There has also been some good news on inflation across the Atlantic. UK inflation was unchanged in June at 2%, which is in line with the Bank of England’s target. There has been a degree of expectation that it might have been lower, but on the other side, it will be a relief that the Taylor Swift effect and her Eras tour didn’t give things a big bump. That said restaurant and hotel prices did rise strongly and were the largest upward contributor to inflation. However, discounting by clothing retailers was helpful. Food and beverage inflation also dropped to 1.5%. The lowest since October 2021, and some distance from a year ago, when it was 17.4%.

 

UK headline CPI is also some way from the 11% that it peaked at in October 2022. Core CPI, which excludes things such as energy and food was also stable, rising by 3.5% in the 12 months to June, unchanged in May. This will be welcomed by the Bank of England (and the new government), but it remains a bit of a line ball call whether the cut comes in August or September.
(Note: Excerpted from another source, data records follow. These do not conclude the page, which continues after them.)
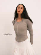 Romee Ribbed Slim Fit Zip Long Sleeve Top
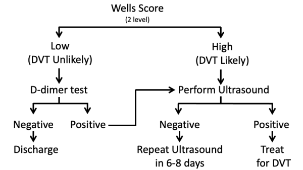 How does the DVT two-level wells score affect the management of the patient?
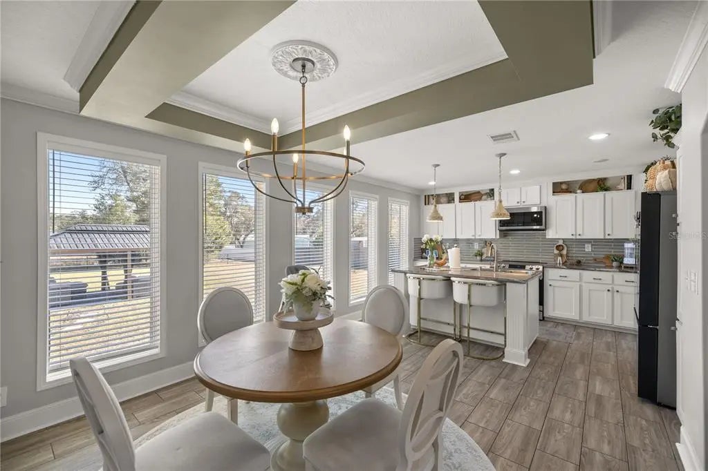 This elegant beautiful 2021 mobile home is a perfect find for various buyers, from first-time homeowners to snowbirds and families desiring a peaceful, spacious living space. Located on a ½-acre fenced lot within a well-maintained community, the property strikes a balance between privacy and convenience. Its location offers easy access to essential amenities and the stunning Ocala National Forest, providing nature enthusiasts with abundant opportunities for hiking, wildlife viewing, and exploration. The home features more than 1,800 square feet of living space, designed with a split-bedroom layout that ensures privacy and comfort. It includes three generously sized bedrooms and two full bathrooms, ideal for families or those who enjoy extra space. The modern, durable luxury vinyl plank flooring adds elegance and ease of maintenance throughout. The kitchen is a chef’s dream with upgraded appliances, plentiful cabinet space, and a central island that facilitates meal preparation. Bright colors and crown molding enhance the overall charm, creating a welcoming atmosphere. The primary bedroom is a spacious sanctuary with a large walk-in closet and an en-suite bathroom that features both a tub and a shower, offering an excellent space to relax. Additional conveniences include a spacious utility and laundry area, designed for efficiency and organization. The newly added gazebo in the backyard provides a tranquil spot for relaxation, complemented by peaceful surroundings. With Ocala National Forest nearby, this property offers nature lovers easy access to outdoor adventures. Whether you are seeking a seasonal retreat, a first home, or a peaceful family residence, this mobile home combines Florida's natural beauty with modern comfort and convenience. This mobile home provides everything you need to enjoy the best of Florida living.
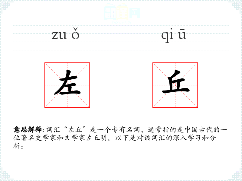 词汇“左丘”是一个专有名词,通常指的是*古代的一位著名史学家和文学家左丘明。以下是对该词汇的深入学和分析:

While the CPI is at the Bank’s long-term inflation target, there is some concern from officials that services sector inflation remains persistent – inflation here held at 5.7%. Currency markets cast their view that the cut will be pushed out – the pound hit US$1.30, the highest level in a year. 
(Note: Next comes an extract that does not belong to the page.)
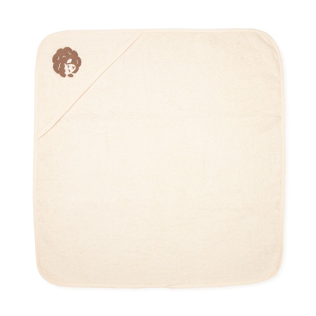 One of the corners has a layer of the fabric over it as well, so you can put it over a baby’s head as a hood. A plain towel thus turns into a kind of a swaddle blanket or a bathrobe, protecting tiny ears from cold air. This hooded baby towel is made of terry towelling, a soft fabric that is great at absorbing moisture. The embroidered Vlnka the sheep motif make this towel look really cute.
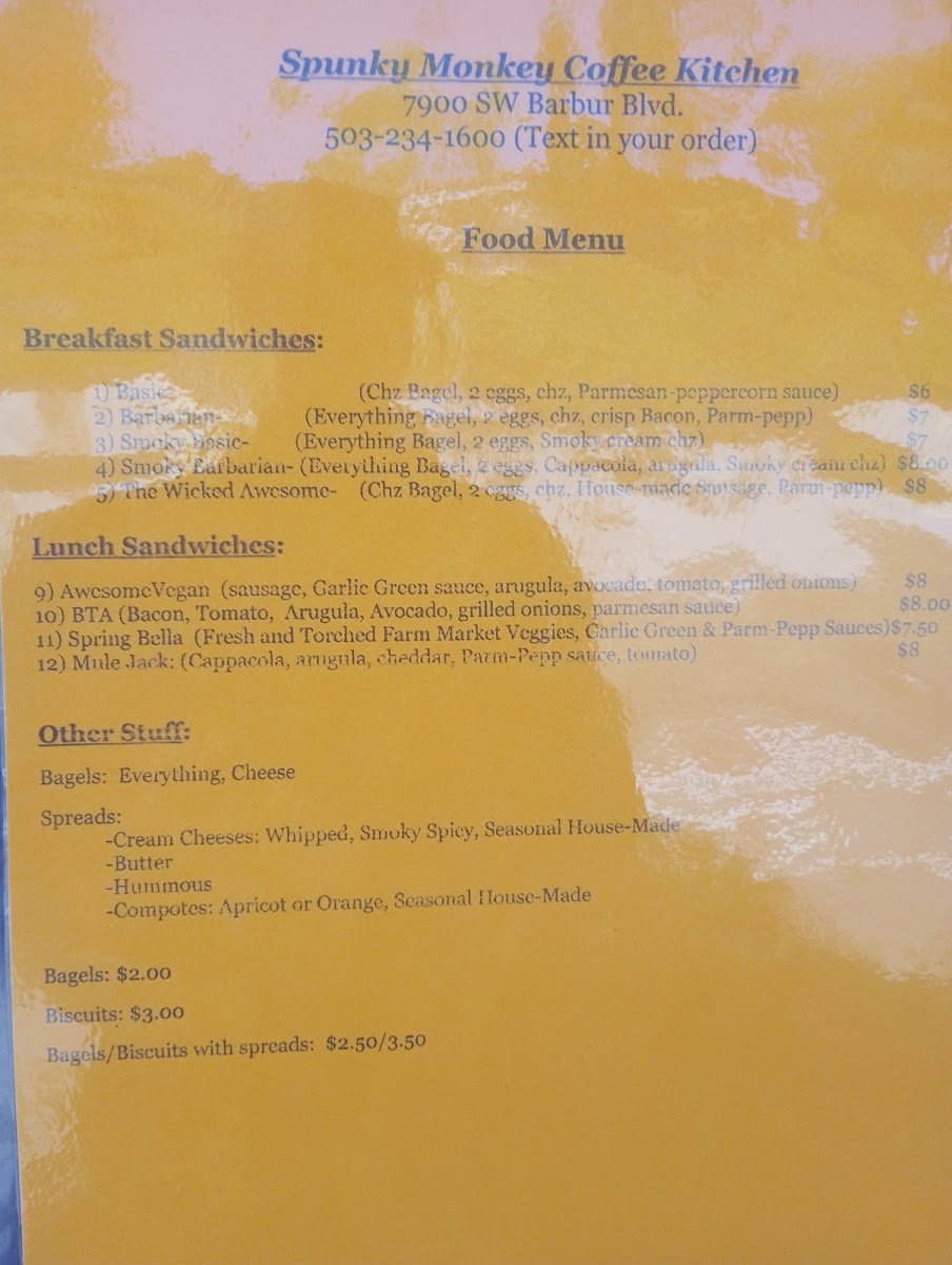 Welcome to Spunky Monkey Coffee Kitchen, an adorable cafe nestled at 7900 SW Barbur Blvd, Portland, OR. Known for its quirky charm, this spot serves up a delightful menu that captivates coffee and breakfast lovers alike.

The FTSE100 rose 0.28%. Gainers included HSBC which has appointed a new CEO. On the downside, miner Antofagasta fell 6% after warning that full-year production would likely hit the lower end of its forecasts. In Europe, the STOXX50 fell 1.1% with Novo Nordisk weighing. Adidas though sprung higher by 2%. The company has raised FY24 earnings guidance from €700 million to €1 billion after a strong performance in the second quarter with sales up 11%. Low-rise multi-coloured Samba and Gazelle sneakers have been flying off the shelves. Sponsorship of the Olympic Games may provide another spring in the step for the company’s sales.

There was also good news on the inflation front for Europe. It declined to 2.5% in June from 2.6% in May, consistent with earlier estimates. Inflation is running at less than half the levels of a year ago. The ECB meets on Thursday and is expected to leave rates alone after cutting them last month. 

In Asia, the Nikkei was 0.4% lower. The Hang Seng and CSI300 both closed up slightly. The “third plenum” in China wraps up today, and it will be interesting to see if any material policy announcements follow.